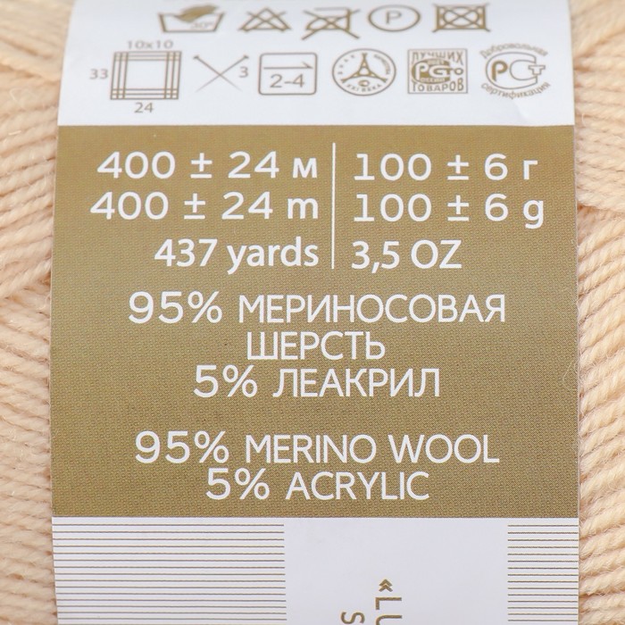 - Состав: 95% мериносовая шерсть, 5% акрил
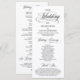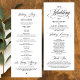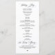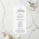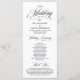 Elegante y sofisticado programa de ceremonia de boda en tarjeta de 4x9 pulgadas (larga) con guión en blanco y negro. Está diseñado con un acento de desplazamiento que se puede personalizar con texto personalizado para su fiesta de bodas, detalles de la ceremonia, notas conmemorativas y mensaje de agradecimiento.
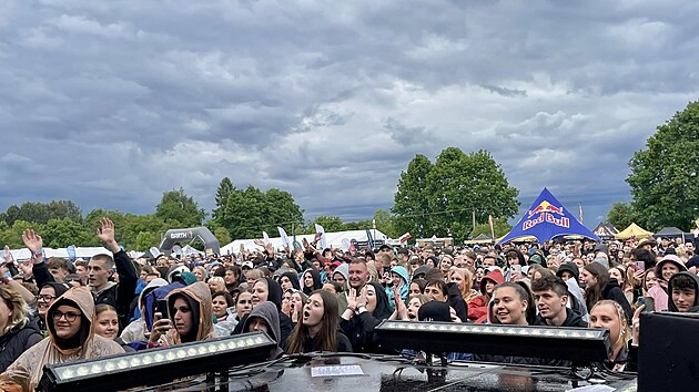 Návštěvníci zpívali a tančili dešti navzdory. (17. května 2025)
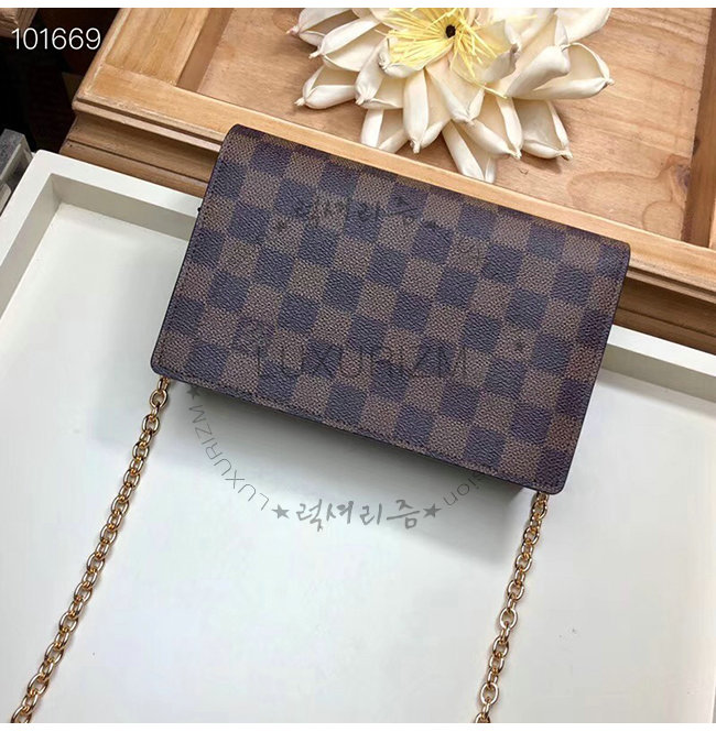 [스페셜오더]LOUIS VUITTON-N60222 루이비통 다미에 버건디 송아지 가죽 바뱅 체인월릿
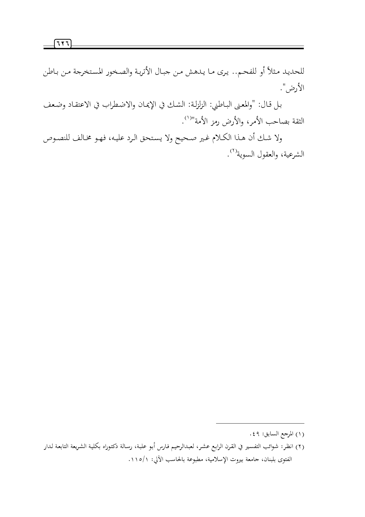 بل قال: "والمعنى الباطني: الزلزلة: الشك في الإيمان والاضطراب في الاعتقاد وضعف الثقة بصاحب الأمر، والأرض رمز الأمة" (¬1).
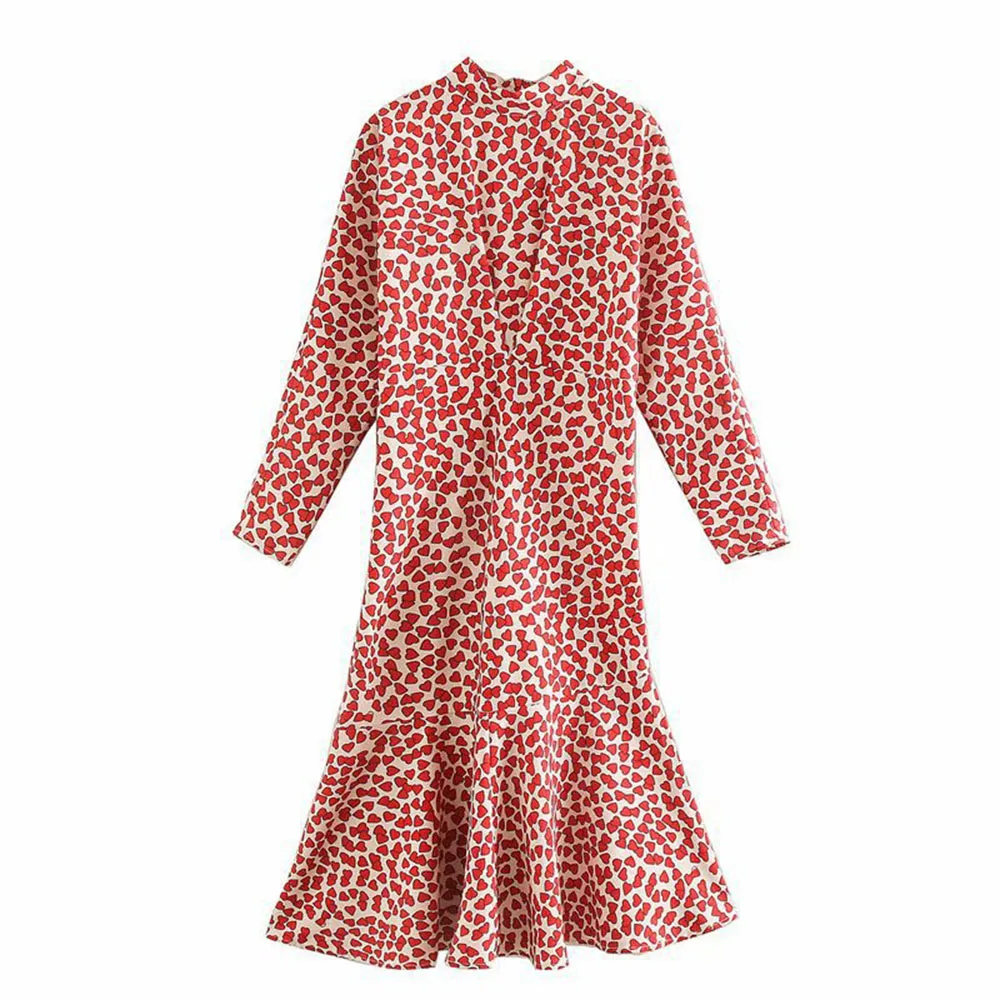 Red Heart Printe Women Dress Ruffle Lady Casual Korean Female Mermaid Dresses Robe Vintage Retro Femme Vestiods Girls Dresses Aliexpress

EXERCISE:
In your copy of the material, match every word exactly and include no pictures.

ANSWER SECTION:
 - Состав: 95% мериносовая шерсть, 5% акрил
 Elegante y sofisticado programa de ceremonia de boda en tarjeta de 4x9 pulgadas (larga) con guión en blanco y negro. Está diseñado con un acento de desplazamiento que se puede personalizar con texto personalizado para su fiesta de bodas, detalles de la ceremonia, notas conmemorativas y mensaje de agradecimiento.
 Návštěvníci zpívali a tančili dešti navzdory. (17. května 2025)
 [스페셜오더]LOUIS VUITTON-N60222 루이비통 다미에 버건디 송아지 가죽 바뱅 체인월릿
 بل قال: "والمعنى الباطني: الزلزلة: الشك في الإيمان والاضطراب في الاعتقاد وضعف الثقة بصاحب الأمر، والأرض رمز الأمة" (¬1).
 Red Heart Printe Women Dress Ruffle Lady Casual Korean Female Mermaid Dresses Robe Vintage Retro Femme Vestiods Girls Dresses Aliexpress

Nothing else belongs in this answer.